YÖK Başkanı Çetinsaya Diyarbakırda: "Ne mutlu bize ki bugün yeni bir Türkiyenin inşasına tanık oluyoruz. Çözüm süreci, yeni Türkiyenin tesisini sembolize eden en önemli adımdır" -"Bilim dünyasının temsilcileri olarak bu yeni Türk


DİYARBAKIR (A.A) - Yükseköğretim Kurulu (YÖK) Başkanı Gökhan Çetinsaya, "Ne mutlu bize ki bugün yeni bir Türkiyenin inşasına tanık oluyoruz. Çözüm süreci, yeni Türkiyenin tesisini sembolize eden en önemli adımdır" dedi.
     Diyarbakırda temasları süren Çetinsaya, beraberindeki heyetle Dicle Üniversitesi (DÜ) Rektörlüğünü ziyaretinde Rektör Prof. Dr. Ayşegül Jale Saraç ve üniversitenin yöneticileri tarafından karşılandı.

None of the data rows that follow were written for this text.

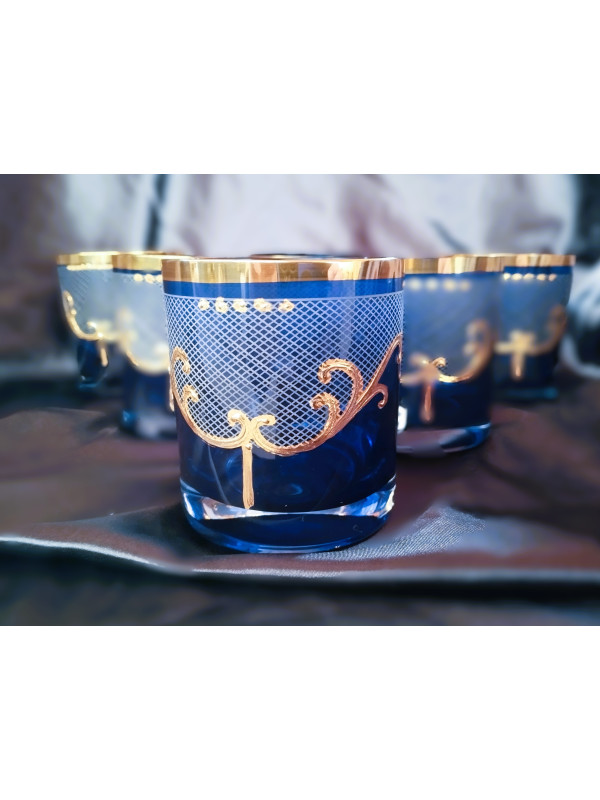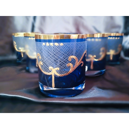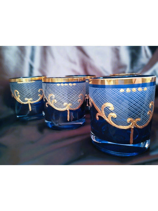 Vasos azules para agua, whisky o zumo con motivos dorados, 320 ml, 6 unidades.
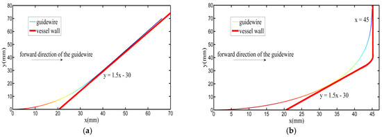 Optimized guidewire shapes for different contact conditions. (a) The equation for an oblique vessel wall is y = 1.5x − 30; (b) The equation for a vertical vessel wall is x = 45.
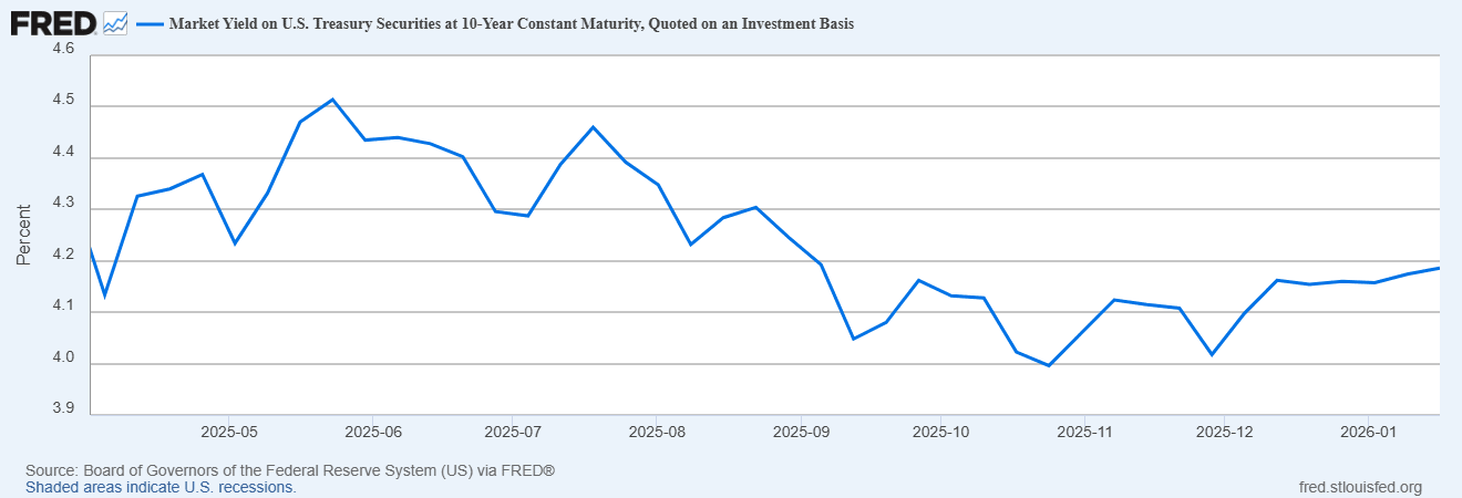 Trump also dropped his tariff threats against Europe. He instead announced a “deal” that would give the U.S. full military access to Greenland (which it already had) and give the U.S. the right to mine minerals in Greenland. Stock markets rose and Treasury yields fell, though the dollar didn’t rebound against the euro.

     Çetinsaya, daha sonra üniversite öğrencileriyle bir araya geleceği DÜ Kongre Merkezine geçti.
     Burada üniversitenin halk oyunları ekibince karşılanan Çetinsaya, öğrencilerle bir süre halay çekti.
     Gökhan Çetinsaya, DÜ Devlet Konservatuvarı öğrencilerince verilen mini konser ile tiyatro kulüplerince sahnelenen tiyatro oyunlarının ardından, vereceği, "21. Yüzyılda Değişen Dünya ve Türkiyenin Konumu" konulu ders öncesi yaptığı konuşmada, üniversiteleri sık sık ziyaret ettiğini belirterek, bu ziyaretlerde öğrenciler ve öğretim üyeleriyle bir araya geldiklerini kaydetti.
    
     -Çözüm süreci-
    
     "Ne mutlu bize ki bugün yeni bir Türkiyenin inşasına tanık oluyoruz" diyen Çetinsaya, bilim dünyasının temsilcileri olarak yeni Türkiyenin inşasında aktif bir rol oynamak ve çözüm sürecine destek olmak durumunda olduklarını belirtti.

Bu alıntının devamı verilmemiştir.